Collected data entries
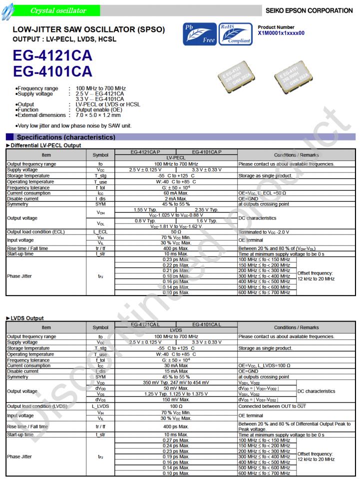 | X1M0001410013 | EG-4101CA | 100.000000 MHz | 7.00 x 5.00 x 1.20 mm | LV-PECL | 2.970 to 3.630 V |
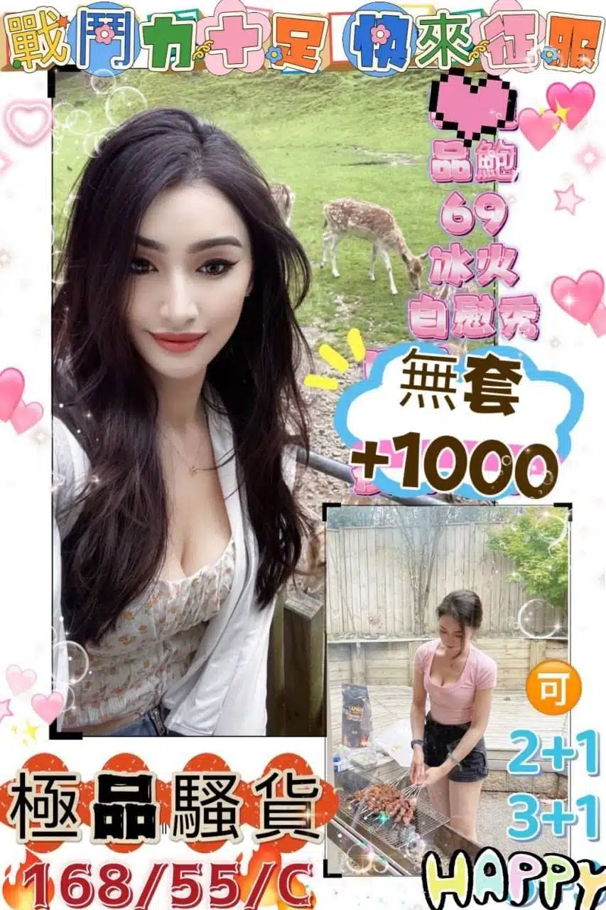 2S+500(60分),無套外射+1000,自慰秀+500,情趣用品+500(客自備),口爆+500,顏射+500,絲襪+100,0.01套+100
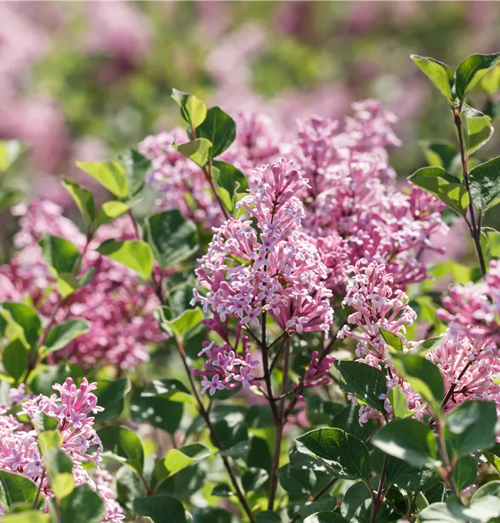 Der Flieder 'Miss Kim' (Syringa patula) trägt eiförmige, sommergrüne Blätter, die eine schöne dunkelgrüne Farbe haben. Im Herbst färben sie sich hingegen dunkelrot. Zwischen Mai und Juni bringt er purpurviolette Blüten mit angenehmem Duft hervor. Als kompakter, buschiger, dichter Strauch mit Krone erreicht der Flieder 'Miss Kim' Grössen von bis zu 2 m Höhe und 2 m Breite. Am besten kommt er zur Geltung, wenn Sie ihm einen sonnigen, windgeschützten Standort geben, optimalerweise mit durchlässigem, nährstoffreichem Boden und einer ausreichenden Wasserversorgung.
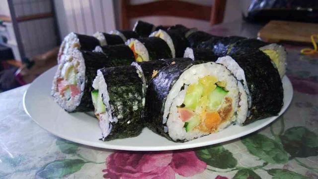 沙拉酱和鱼松搅拌后附着力更强,加了些酸甜的萝卜条,拌饭用的葡萄醋,味道很好,寿司撒点芝麻再沾寿司酱油,味道更鲜香。
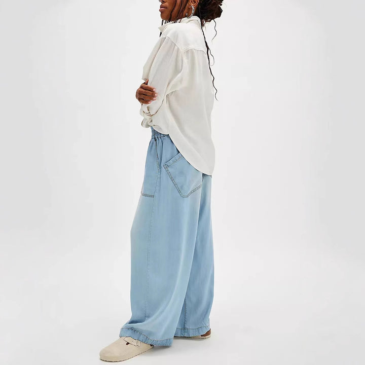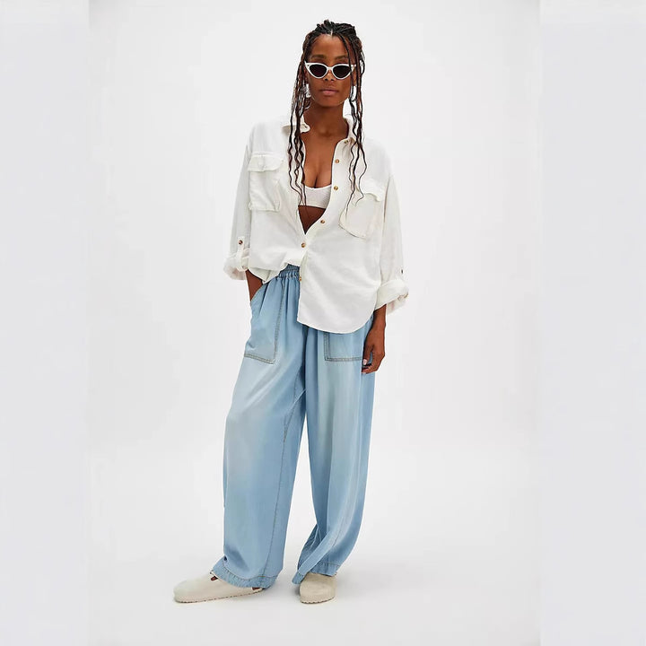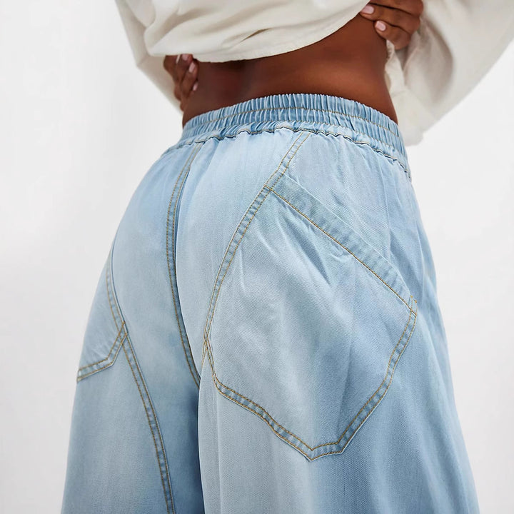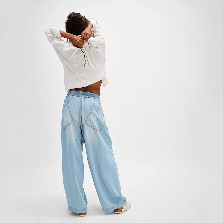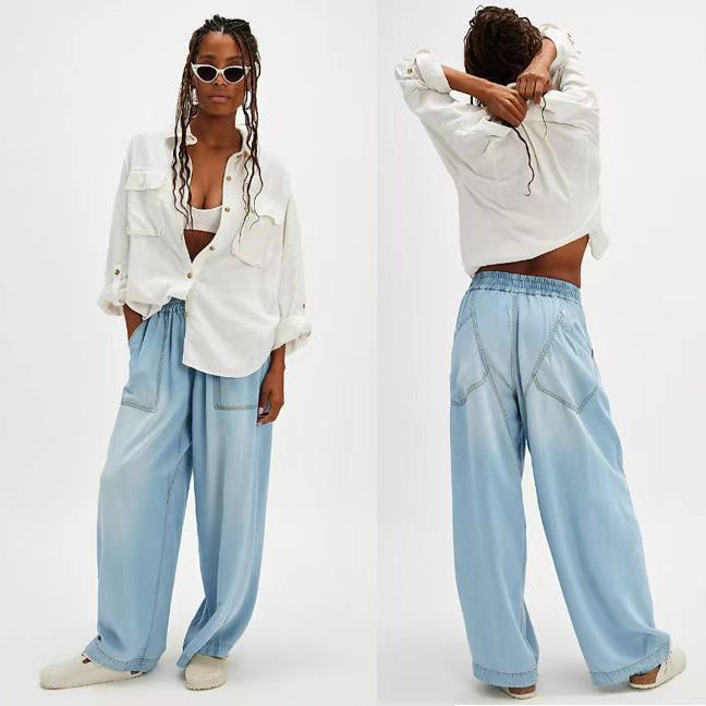 European and American new fashion drape washed straight loose casual jeans trousers women
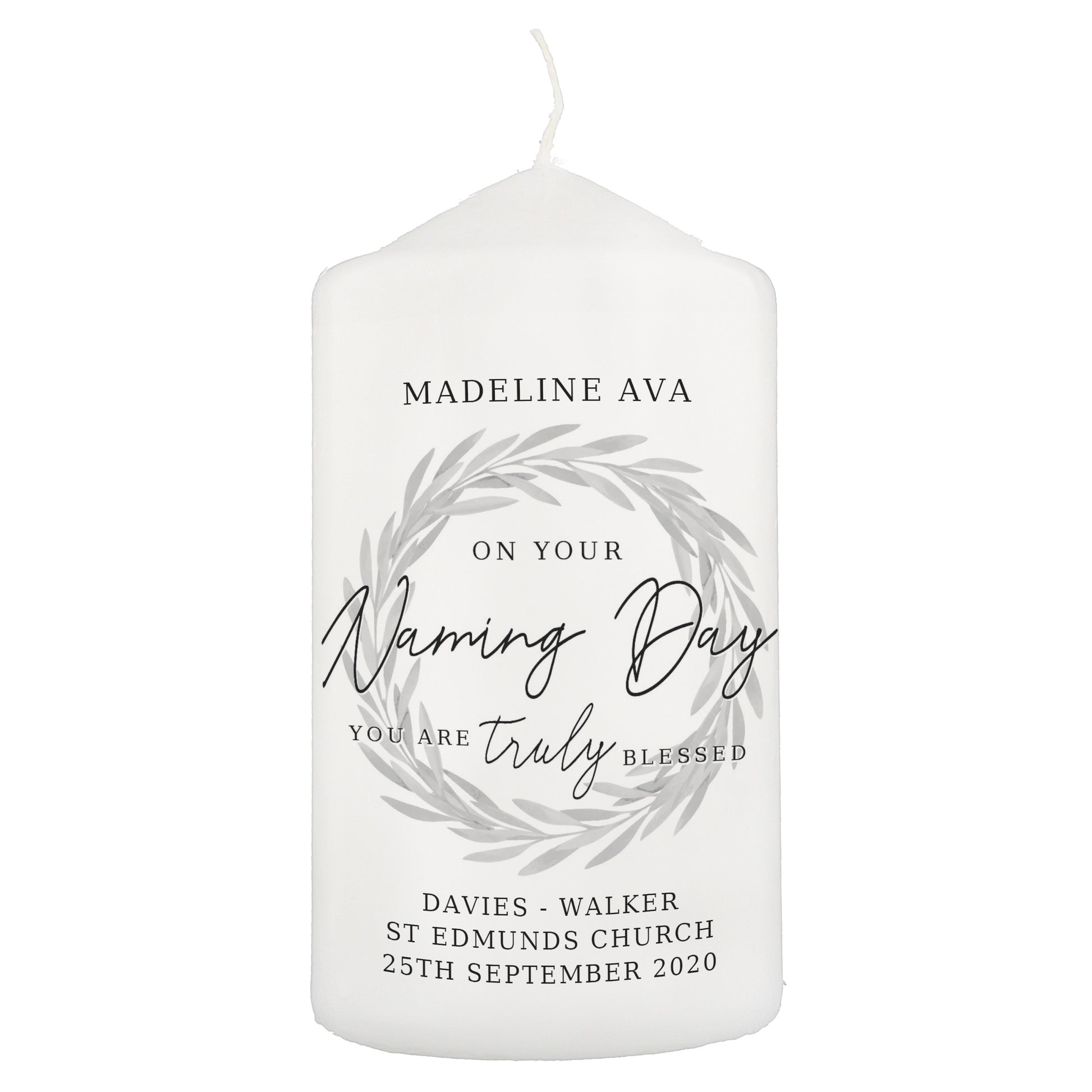 Personalised Truly Blessed Naming Day Pillar Candle

What is being asked
The line with "2S+500(60分),無套" ends the range, and the first line of the data begins it; repeat exactly those lines and nothing more, omitting pictures.

Exercise solution
 | X1M0001410013 | EG-4101CA | 100.000000 MHz | 7.00 x 5.00 x 1.20 mm | LV-PECL | 2.970 to 3.630 V |
 2S+500(60分),無套外射+1000,自慰秀+500,情趣用品+500(客自備),口爆+500,顏射+500,絲襪+100,0.01套+100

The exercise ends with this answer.